Abstract

The new developed Optical Multimode Online Probe (OMOP) can process images from either incident-light illumination (also called epi-illumination) or transmitted-light illumination (also called trans-illumination). The probe has an outer diameter of 38mm and the illumination is achieved by high performance Light Emitting Diodes (LEDs) with specifications of 1.96mm² and 493lm (251.53lm/mm²) at an angular deviation of 0.37°. A camera probe is used with either an object-space telecentric (telecentricity <0.2°, 2437mm virtual pupil distance) or entocentric objective (Köhler based illumination, 6238mm virtual pupil distance). Using the telecentric mode, the particle distance independency is located within 20mm while the focal depth is approximately 5mm. The local resolution is between 20 and 30μm, according to the used optics, with a standard deviation less than 4.5%. Maximum particle diameter is up to 5mm while particles can reach up to 2m/s as function of exposure. The basic distance transform approach with watershed segmentation for analysis of transmitted-light images gives deviations less than 5% at high particle densities and less than 2% at low ones.
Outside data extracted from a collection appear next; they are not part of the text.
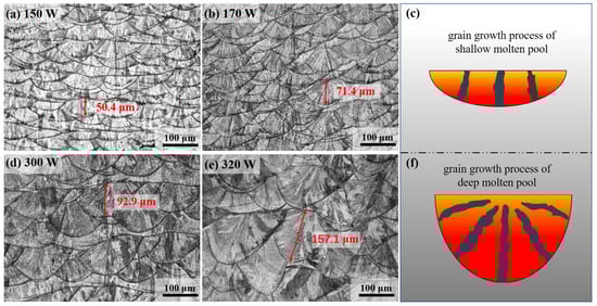 Optical microscope observed the morphology of molten pool of the printed sample under different laser powers: (a) Powder layer thickness 0.03 mm, laser power 150 W; (b) Powder layer thickness 0.03 mm, laser power 170 W; (c) Grain growth process of shallow molten pool; (d) Powder layer thickness 0.05 mm, laser power 300 W; (e) Powder layer thickness 0.05 mm, laser power 320 W; (f) Grain growth process of deep molten pool.
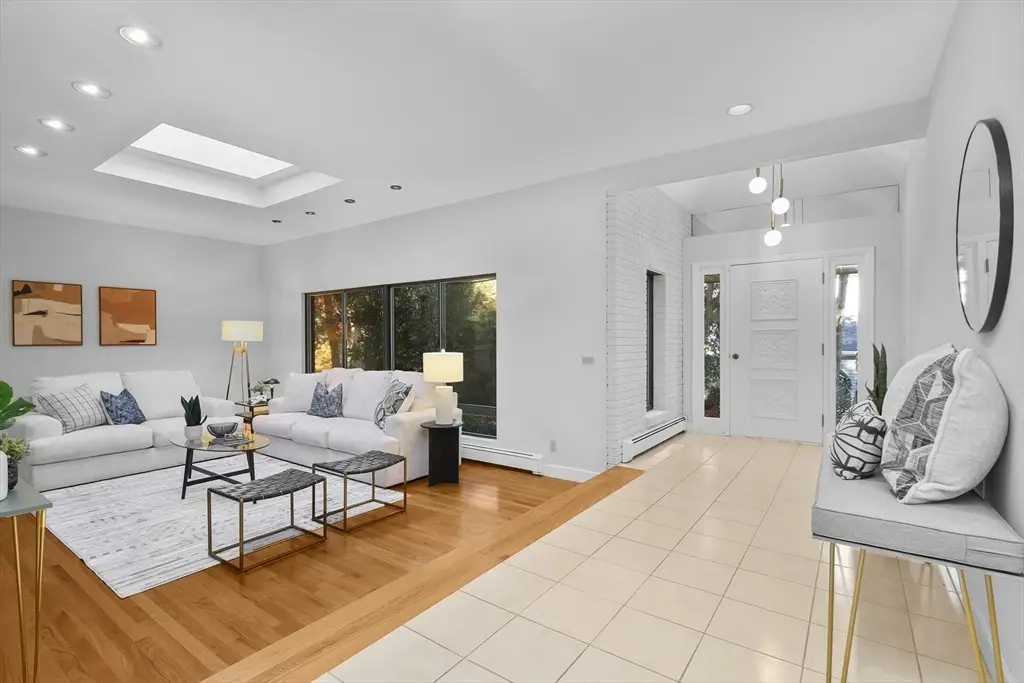 Tucked away in one of WellesleyÆs popular Hardy School neighborhoods is this California-designed, custom built, spacious 4 Bdrm home w/flexible floorplan perfect for those seeking private office, in-law/guest or teen suite. 3 bdrms & 2 baths on one level & 4th bdrm or multi-purpose rm on the 1st fl near laundry rm & bath. Fieldstone fplÆd family rm leads to a generous yard. Bright, skylit eat-in kitchen w/newer applÆs. FplÆd, skylit living rm-off a generous entry, is flooded w/natural light from oversized windows offering lovely, private views. Formal dining rm opens to spacious deck for easy entertaining. Newer cedar roof & 4-zone central a/c. Brick-solid exterior is neutral & easy-care. Large two-car ground-level garage.This striking interior has been beautifully updated for pristine, move-in convenience. Avoid congested traffic from this most accessible, quiet location w/easy access to shopping, commuting & dining. Come inside to fully appreciate all this family home has to offer.
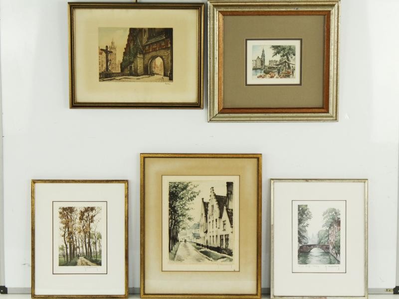Vijf kleurenetsen van de Belgische kunstenaar Roger Hebbelinck (1912-1987)
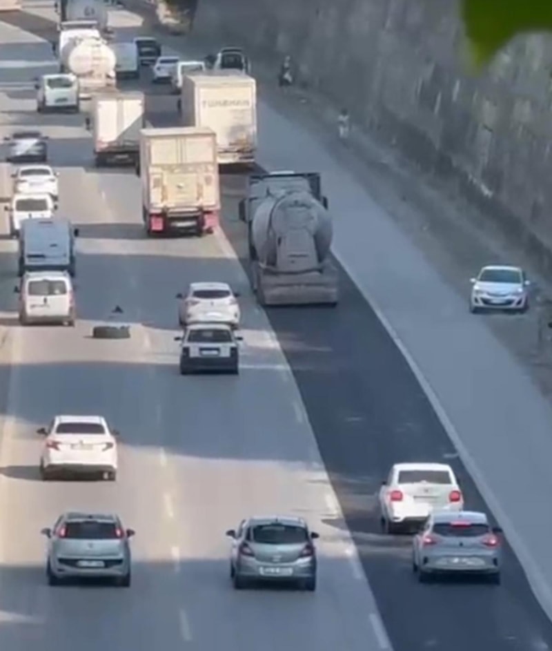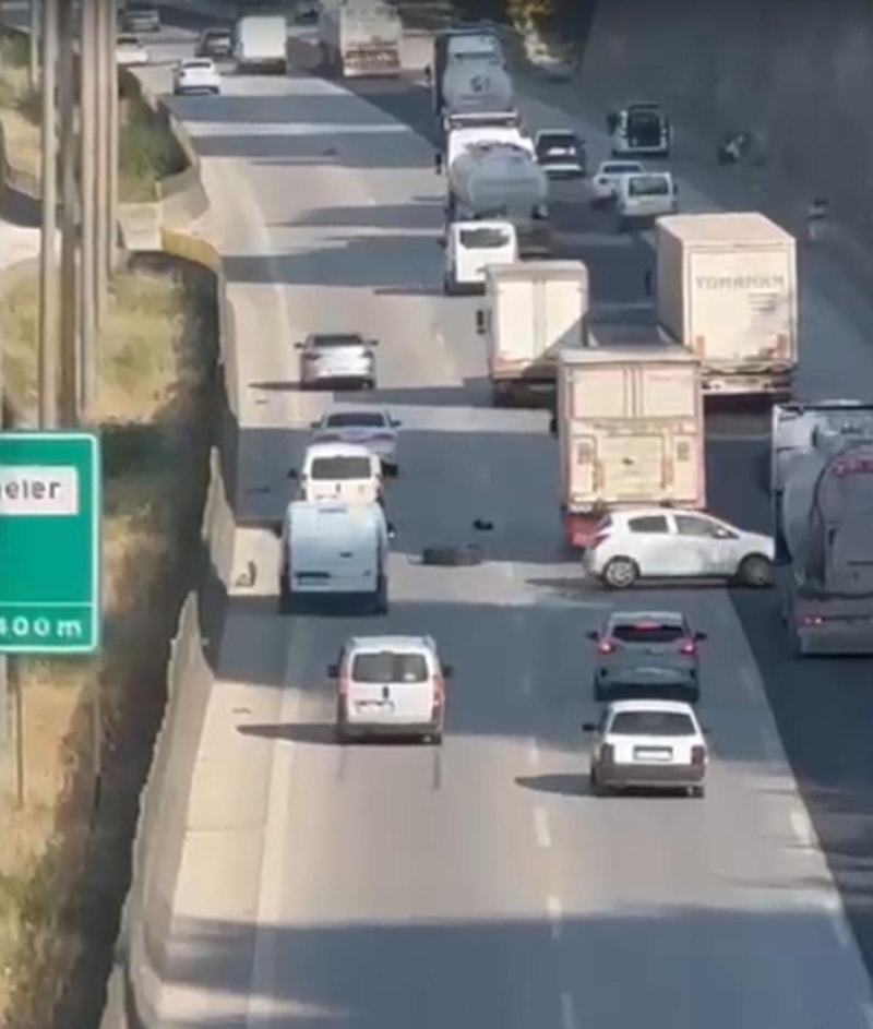 Adana'da Tarsus-Adana-Gaziantep Otoyolu'nun Hastaneler mevkiinde hareket halindeki tırın tekerinden kopan lastik kaplaması sol şeride düştü.

The error of false positives typically is below 5% while the error of wrong radiuses is below 1% for up to 90% of all droplets and below 5% otherwise. Up to five images per core and second (trans-illumination) can be analyzed automatically and online at densities up to 25% (trans-illumination, gap width less than 5mm) 40% (object side telecentric epi-illumination, single probe) respectively.The advanced pre-segmentation approach based on the Random Forest Classifier (RFC) is used to perform the more complex image analysis with epi-illumination. As long as the quality of pre-segmentation is high enough, the classification results in images, which can be analyzed in the following distance transform approach. This is considerably depending on the quality of training the algorithm and recurring image features. Compared to the distance transform analysis at low densities the deviation increases. The RFC pre-segmented image gives an additional deviation of 1.1% (both in regard to the total amount of evaluated pixels) and a deviation of 12.9% in regard to the mean particle diameter. Below a particle size of 50 pixels the image analysis overestimates the actual number of particles due to the sensitivity of the Euclidian distance approach.